» **Data provided**
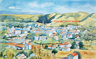 I started with drawing the image out – and placing the “s” and “m” within the shapes of the landscape. Then I used masking fluid to protect the areas that are the white of the buildings. Then I could start to paint, and did a wet wash for the sky in cerulean blue with a touch of cobalt blue to add depth in places, and dabbing out the faded cloud shapes whilst creating the stronger white cloud on the left hand side to add interest as well as balance. Then the distant mountains were painted with cobalt blue, and after they had dried I painted the near hills in green gold, cobalt blue and french ultramarine for the deep shadows, and making a strong contrast for the church spire to stand out against and be the focal point. After that I painted the trees and grassy ares around the town in cobalt blue, cerulean blue, green gold and quinacridone gold. Then it was the darks of the houses in cobalt blue, cerulean blue, egypt violet and french ultramarine, and the red and oranges of the roofs in cadmium red and aurolin. By then all the areas had been painted and it was time to remove the masking fluid revealing the white paper underneath. And after that it was working over the whole of the painting to darken areas around the whites to make them stand out more, and add touches of deep colour to add depth to the painting. I think its taken me a little over 20 hours to create it.
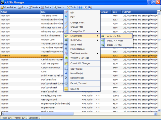 Easily manage your karaoke, video, and audio files and correct title errors easily with powerful batch editing. Supports the most common standard naming formats. Automatically auto-corrects for underscores and capitalization, swap Title and Artist, shift, split, and replace field data on multiple files at once, automatically keeps zip content file names (mp3 & cdg files) in synch for MP3+G zipped files, exports and converts to many format combinations, and more!
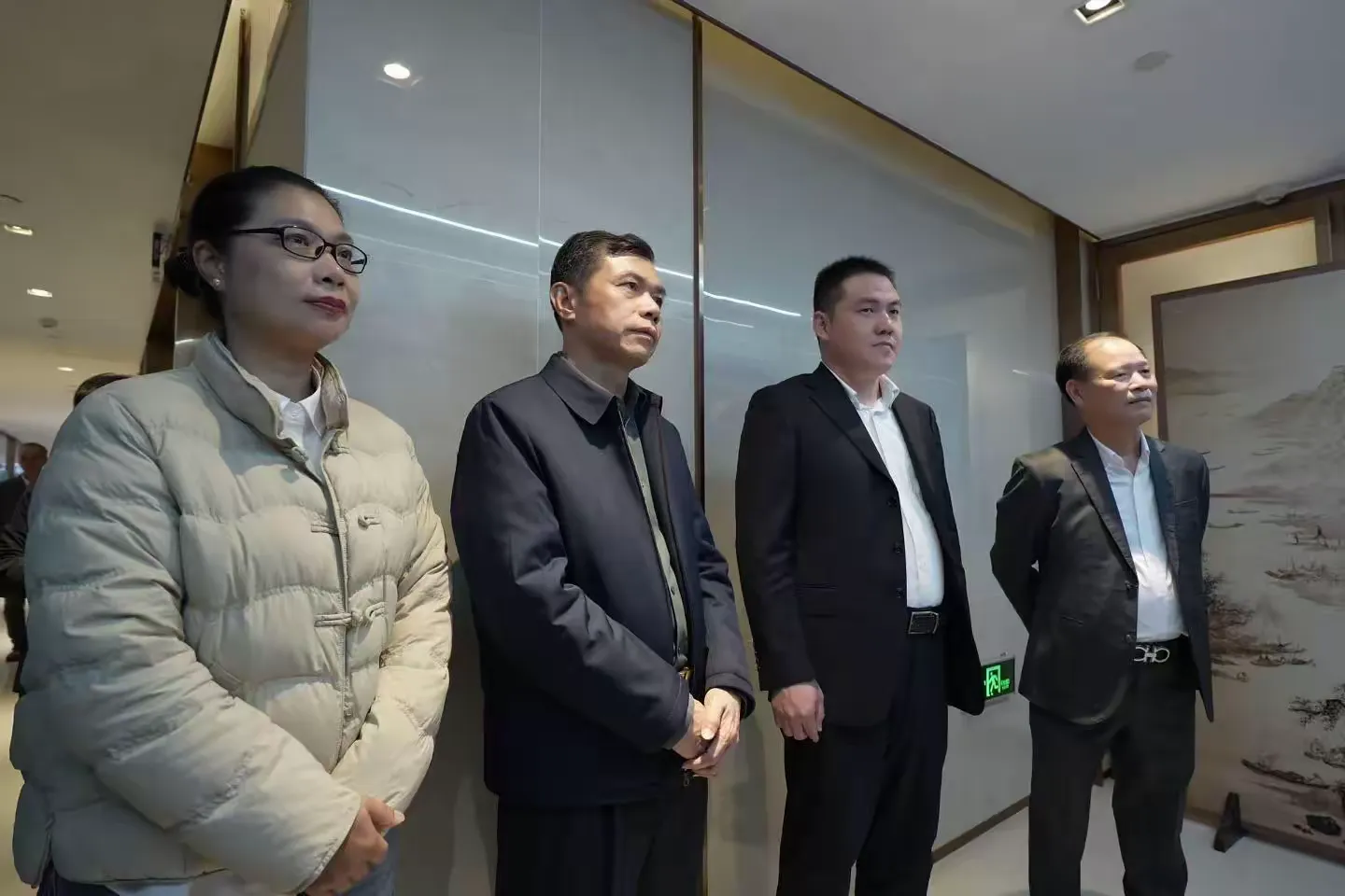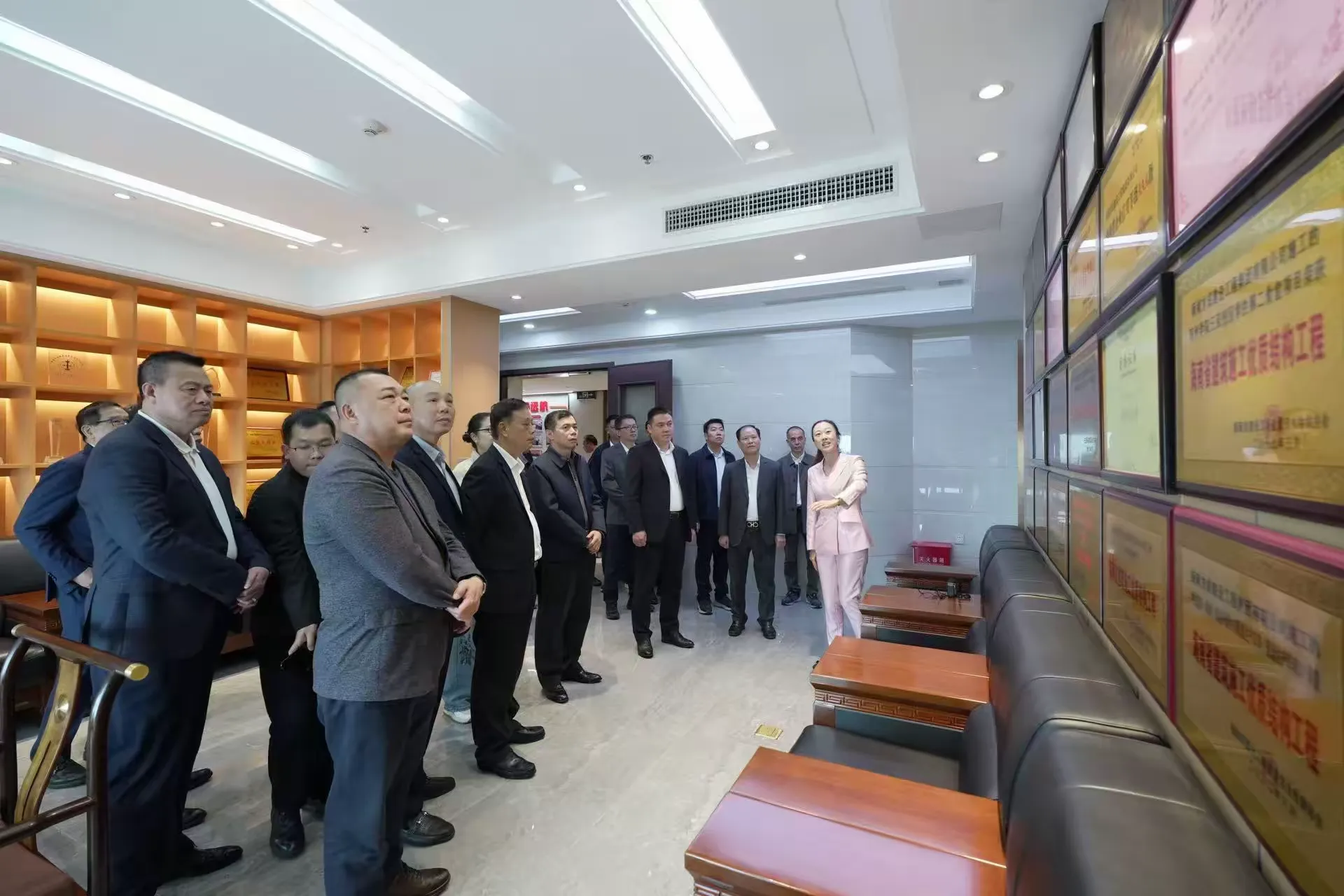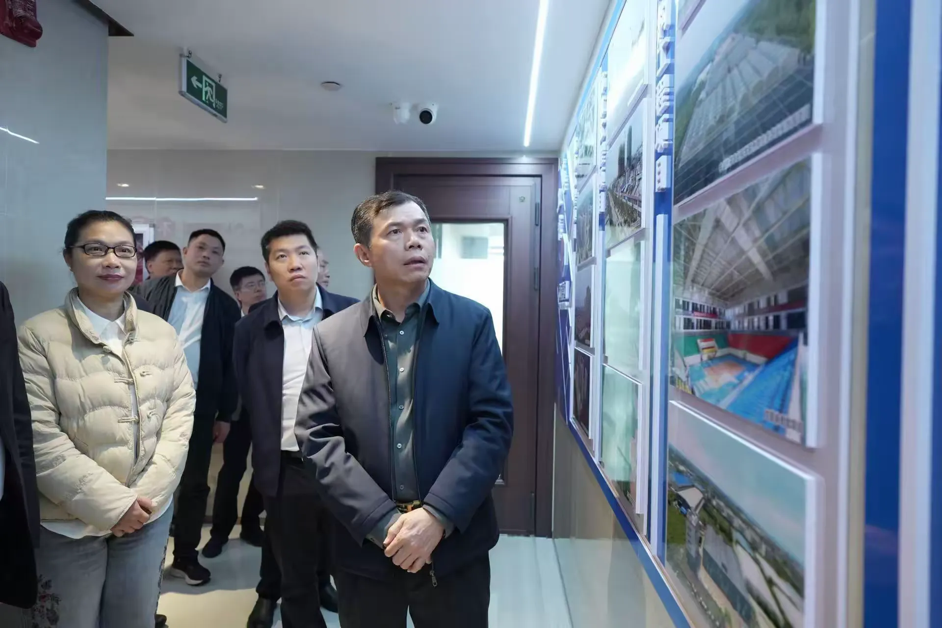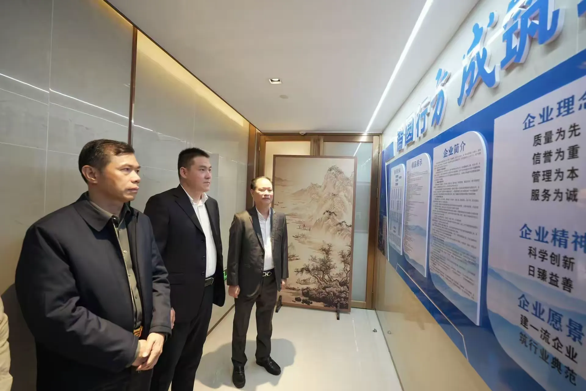 领导们参观考察方成集团的文化长廊,详细了解企业发展历程与文化理念

» **Work task**
Exactly as written above, print every line of the data but not its pictures.

» **Solution for this problem**
 I started with drawing the image out – and placing the “s” and “m” within the shapes of the landscape. Then I used masking fluid to protect the areas that are the white of the buildings. Then I could start to paint, and did a wet wash for the sky in cerulean blue with a touch of cobalt blue to add depth in places, and dabbing out the faded cloud shapes whilst creating the stronger white cloud on the left hand side to add interest as well as balance. Then the distant mountains were painted with cobalt blue, and after they had dried I painted the near hills in green gold, cobalt blue and french ultramarine for the deep shadows, and making a strong contrast for the church spire to stand out against and be the focal point. After that I painted the trees and grassy ares around the town in cobalt blue, cerulean blue, green gold and quinacridone gold. Then it was the darks of the houses in cobalt blue, cerulean blue, egypt violet and french ultramarine, and the red and oranges of the roofs in cadmium red and aurolin. By then all the areas had been painted and it was time to remove the masking fluid revealing the white paper underneath. And after that it was working over the whole of the painting to darken areas around the whites to make them stand out more, and add touches of deep colour to add depth to the painting. I think its taken me a little over 20 hours to create it.
 Easily manage your karaoke, video, and audio files and correct title errors easily with powerful batch editing. Supports the most common standard naming formats. Automatically auto-corrects for underscores and capitalization, swap Title and Artist, shift, split, and replace field data on multiple files at once, automatically keeps zip content file names (mp3 & cdg files) in synch for MP3+G zipped files, exports and converts to many format combinations, and more!
 领导们参观考察方成集团的文化长廊,详细了解企业发展历程与文化理念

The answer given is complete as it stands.